Tuesday, April 10, 2012

Great practice, great weigh-in

The initial verdict: IT WORKS! 

It has only been 24 hours since I devised my new eating plan, but I already feel really good about it. Yesterday I added my practice/exercise calories into MFP in the afternoon so I would know what my food goal was. It felt like I ate A LOT - and most would not fall into the "healthy" category, but a calorie is a calorie in my book - and I stayed within my range and ate all of my calories before I left for practice at 6pm.
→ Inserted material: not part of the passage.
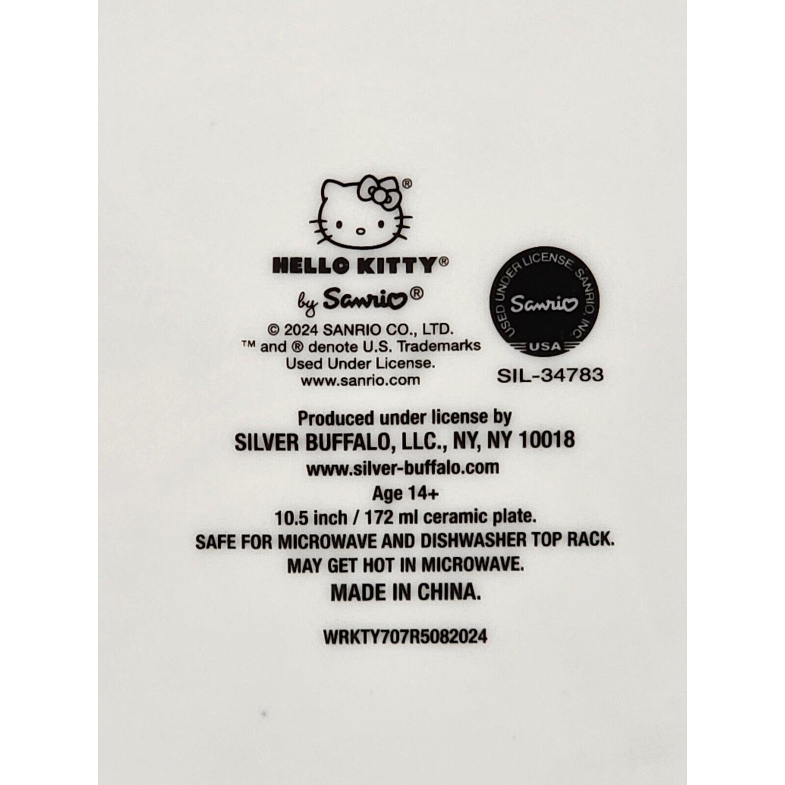 This product is a set of four Sanrio Hello Kitty Christmas dinner plates featuring candy cane and snowflake designs. The plates are made of ceramic and are 10.5 inches in size. Each plate is adorned with festive elements in a multicolor scheme, perfect for adding a touch of holiday cheer to your dining table. These dinner plates are part of the Hello Kitty franchise and are ideal for collectors or fans of the beloved character looking to add a festive touch to their tableware collection.

Sometimes I get worried that if I eat too much before practice, I will feel bogged down or get queasy. Unfortunately I think that this has led me to eat way too little before practice and get sick from not enough food energy way too often. Yesterday I was careful to stretch out what I ate and didn't eat a lot of anything at any one time. I also left about an hour between the last thing I ate, and practice.

So how did I feel? Great! I didn't feel laggy or worn down. I had energy the whole practice and didn't even flinch when I got sent in as a jammer on the last jam of the night after an hour of practice beforehand. I was the first out of the pack, scored 10+ points, and didn't even collapse when I came off the track. I call that success.

The icing on the cake was when I got up this morning I weighed 2 pounds less than yesterday morning! And ok, it's important to note that I had "gained" 2 pounds during this whole plateau situation, but the fact that it's gone, overnight, from eating more is A-OK as far as I am concerned.

For those of you who want the breakdown calorie-wise:

My regular food goal with no exercise is 1450 calories.
My estimated exercise expenditure was 538 calories.
The actual number of calories consumed was 1902 calories.
My net calories (food - exercise) aka the only calories that count was 1364.

And I got to eat ALL THAT FOOD!

Thus far, I am sold. More updates to come!